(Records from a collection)
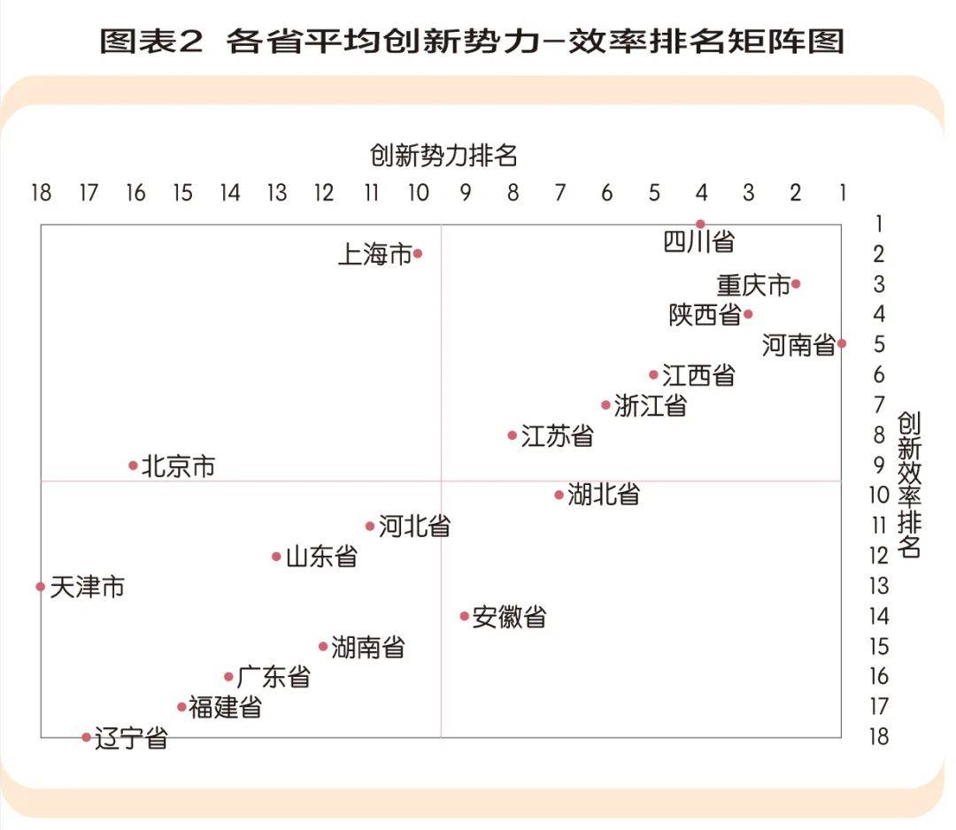 基于各省平均创新势力与平均创新效率的排名,我们将18个省份和直辖市划分为四个象限(图表2)。
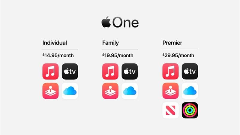 Hai gói đầu tiên có Apple Music, Apple TV+, Apple Arcade và bộ nhớ iCloud tuỳ dung lượng, trong khi gói thứ 3 có thêm Apple News+ và Apple Fitness vừa mới được công bố.
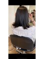 ストレートカールで、まとまりづらいミディアムヘアをシースルー前髪とニュアンスレイヤーカットでトレンドの抜け感を演出^_^黒髪がヘルシーで新鮮!
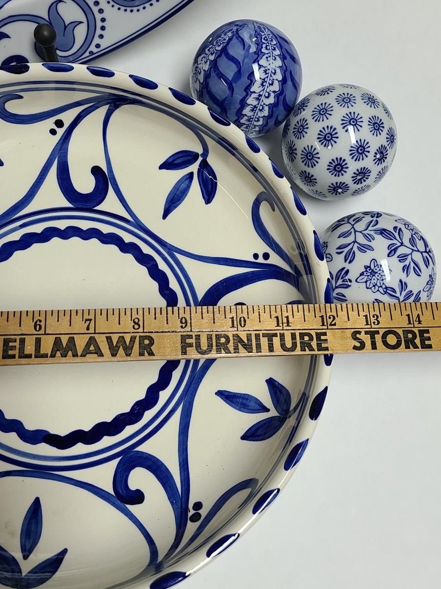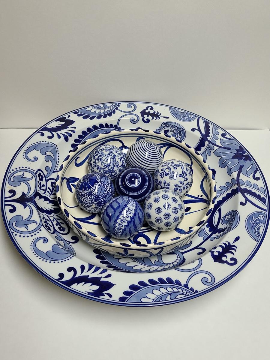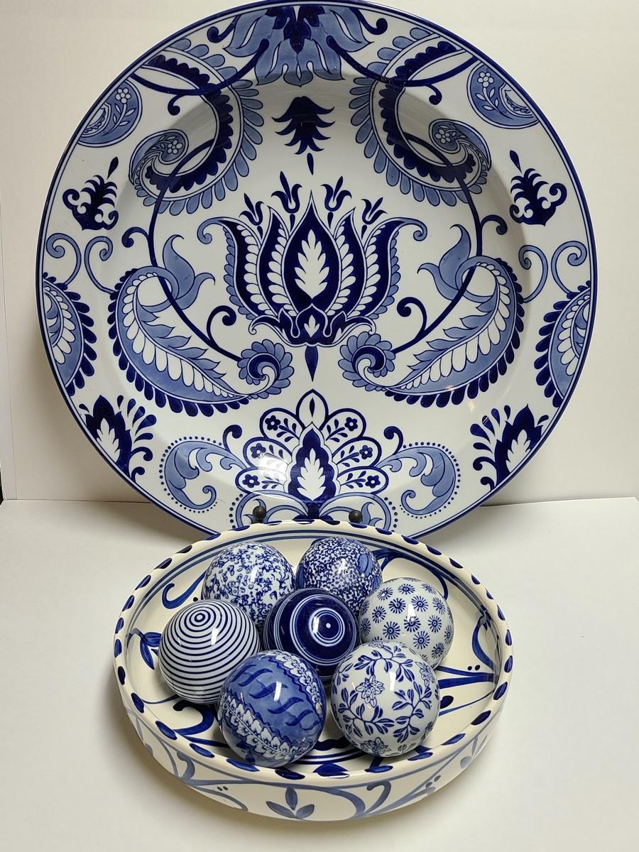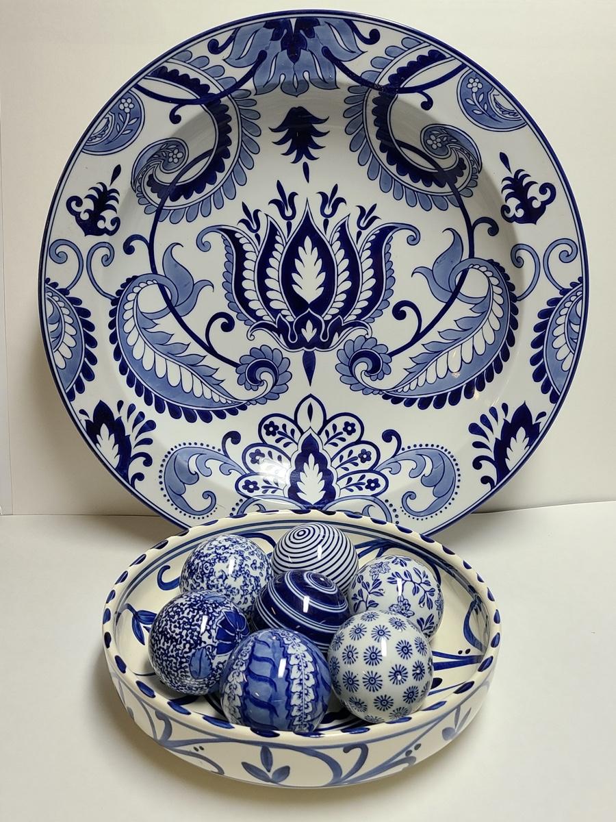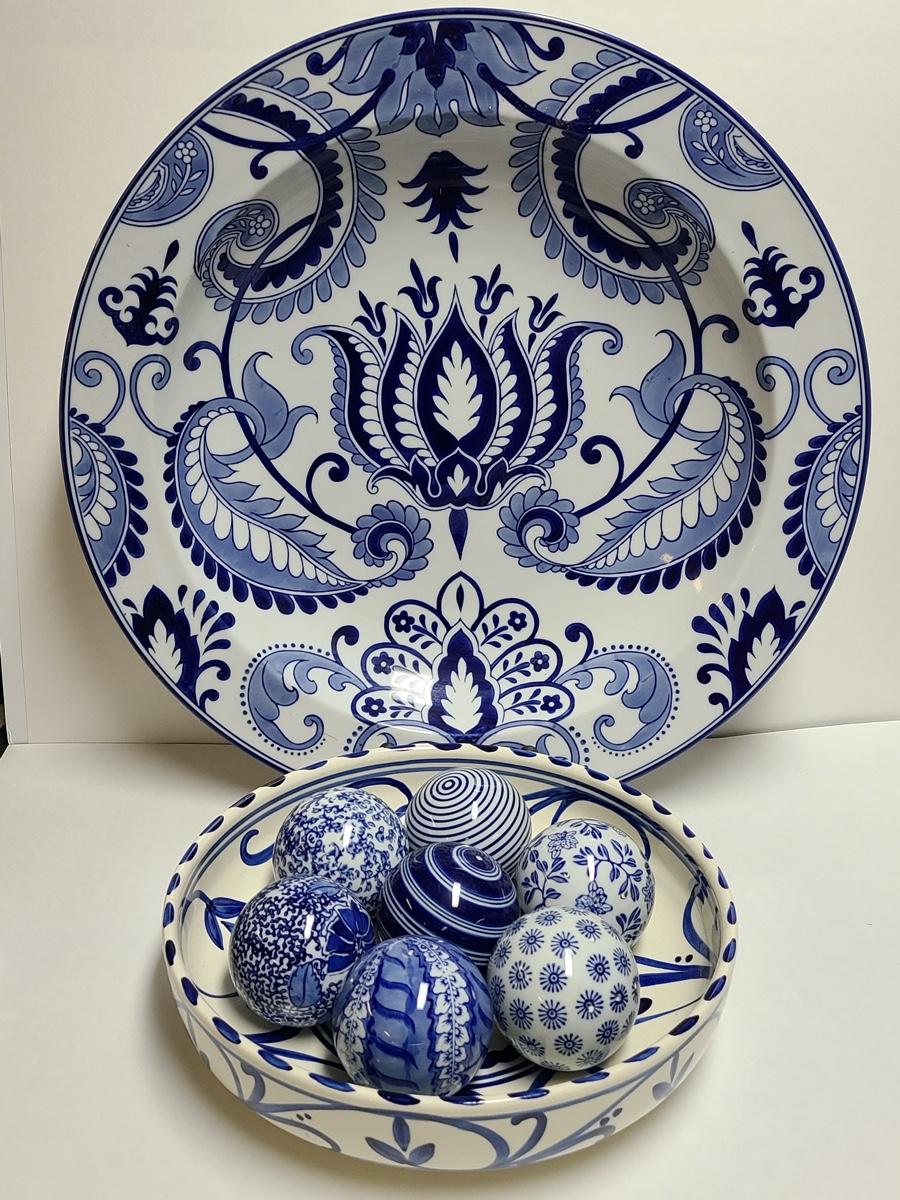 Lot 134: Pier One Bowl with Blue/White Balls and Hanging Wall Art Oversized Plate
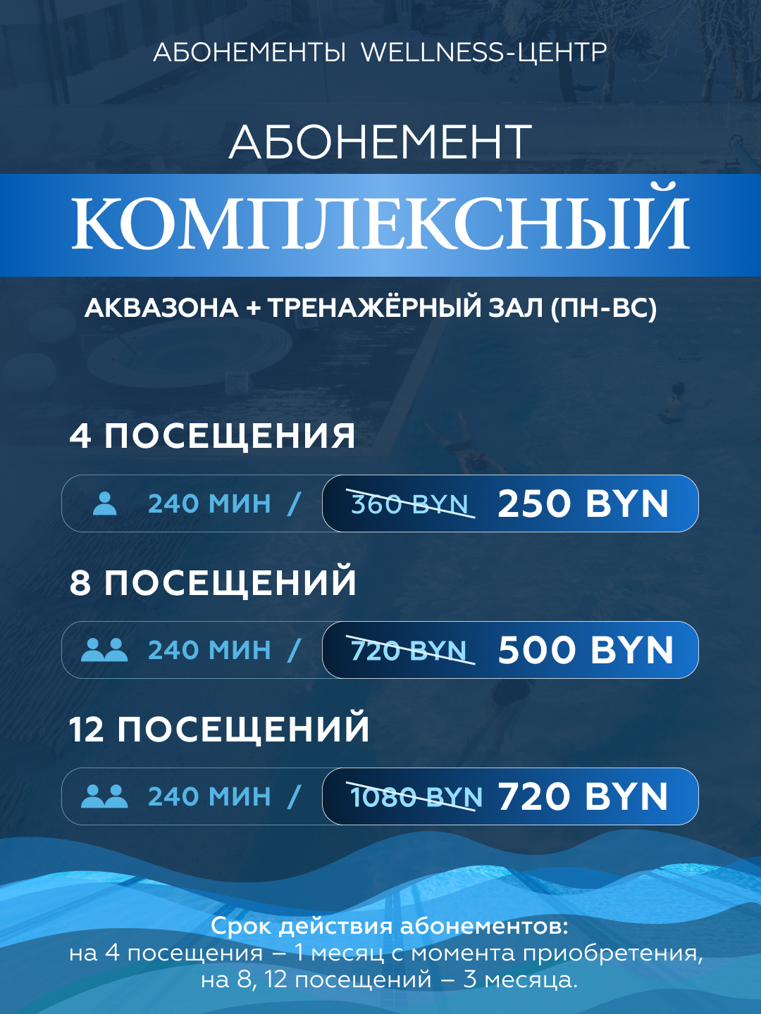 Абонементы на посещение аквазоны и тренажерного зала Wellness-центра

__What to do__
Set down, word for word, the line that holds "Lot 134: Pier" and all lines after it to the end of the entries above, but not the pictures.

__Task output__
 Lot 134: Pier One Bowl with Blue/White Balls and Hanging Wall Art Oversized Plate
 Абонементы на посещение аквазоны и тренажерного зала Wellness-центра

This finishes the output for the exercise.